Rogue AP Detection and Mitigation
Rogue APs are unauthorized wireless access points. These rogues can be physically connected to the wired network or they can be outside the building in a neighbor’s network or they can be in a hacker’s parked car. Valid network users should not be allowed to connect to the rogue APs because rogues pose a security risk to the corporate network. Rogue APs can appear in an enterprise network for reasons as innocent as users experimenting with WLAN technology, or reasons as dangerous as a malicious attack against an otherwise secure network. Physical security of the building, which is sufficient for wired networks with the correct application of VPN and firewall technologies, is not enough to secure the WLAN. RF propagation inherent in WLANs enables unauthorized users in near proximity of the targeted WLAN (for example, in a parking lot) to gain network access as if they were inside the building.
TABLE 19: Fortinet Support of Rogue Detection and Mitigation
|Rogue Detection||Rogue Mitigation|
|AP1000||4.1 and later||4.1 and later|
|AP400||5.0 and later||5.0 and later|
Regardless of why a rogue AP exists on a WLAN, it is not subject to the security policies of the rest of the WLAN and is the weak link in an overall security architecture. Even if the person who introduced the rogue AP had no malicious intent, malicious activity can eventually occur. Such malicious activity includes posing as an authorized access point to collect security information that can be used to further exploit the network. Network security mechanisms typically protect the network from unauthorized users but provide no means for users to validate the authenticity of the network itself. A security breach of this type can lead to the collection of personal information, protected file access, attacks to degrade network performance, and attacks to the management of the network.
To prevent clients of unauthorized APs from accessing your network, enable the options for both scanning for the presence of rogue APs and mitigating the client traffic originating from them.
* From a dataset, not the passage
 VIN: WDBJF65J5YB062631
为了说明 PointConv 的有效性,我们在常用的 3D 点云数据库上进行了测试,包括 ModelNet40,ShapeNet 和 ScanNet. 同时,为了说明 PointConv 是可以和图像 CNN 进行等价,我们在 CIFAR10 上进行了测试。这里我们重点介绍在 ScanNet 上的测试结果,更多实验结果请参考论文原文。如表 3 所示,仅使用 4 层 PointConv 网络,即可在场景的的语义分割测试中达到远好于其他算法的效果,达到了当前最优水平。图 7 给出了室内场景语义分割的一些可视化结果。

These features are set globally from either the CLI or Web UI, with the controller managing the lists of allowable and blocked WLAN BSSIDs and coordinating the set of APs (the mitigating APs) that perform mitigation when a rogue AP is detected.
As a result of the channel scan, a list of rogue APs is compiled and sent by the controller to a number of mitigating APs that are closest to the rogue AP. Mitigating APs send mitigation
(deauth) frames to the rogue AP where clients are associated to remove those clients from the network. This presence of the rogue AP generates alarms that are noted on the Web UI monitoring dashboard and via syslog alarm messages so the administrator is aware of the situation and can then remove the offending AP or update the configuration list.
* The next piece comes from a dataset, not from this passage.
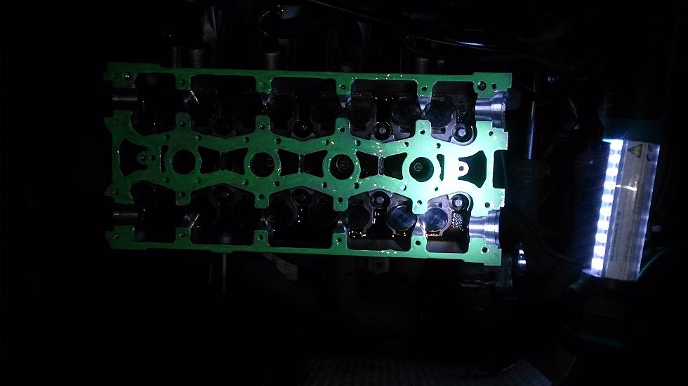 Peter und ich haben den Nockenwellenkasten neu abgedichtet. Dieses Mal weder mit Liqui Moly noch Marston-Domsel grün, sondern mit der guten alten GM Flächendichtung grün (die man auch für die Nockenwellenkästen der alten Kadetts etc. verwendet).

Rogue Scanning can be configured so that it is a dedicated function of a radio on a dual radio AP or a part time function of the same radio that also serves clients. When rogue AP scanning (detection) is enabled, for any given period, an AP spends part of the time scanning channels and part of the time performing normal AP WLAN operations on the home channel. This cycle of scan/operate, which occurs on a designated AP or an AP interface without assigned stations, ensures there is no network operation degradation.
For AP400 and AP1000, each radio is dual band (supports both 2.4GHz and 5.0GHz) and capable of scanning for all channels and all bands when configured as a dedicated scanning radio. As access points are discovered, their BSSID is compared to an AP access control list of BSSIDs. An access point might be known, blocked, or nonexistent on the access control list. A “known” AP is considered authorized because that particular BSSID was entered into the list by the system administrator. A “selected” AP is blocked by the Wireless LAN System as an unauthorized AP. The Fortinet WLAN also reports other APs that are not on the access control list; these APs trigger alerts to the admin console until the AP is designated as known or selected in the access control list. For example, a third party BSS is detected as a rogue unless it is added to the access control list.
Fortinet APs also detect rogue APs by observing traffic either from the access point or from a wireless station associated to a rogue. This enables the system to discover a rogue AP when the rogue is out of range, but one or more of the wireless stations associated to it are within range.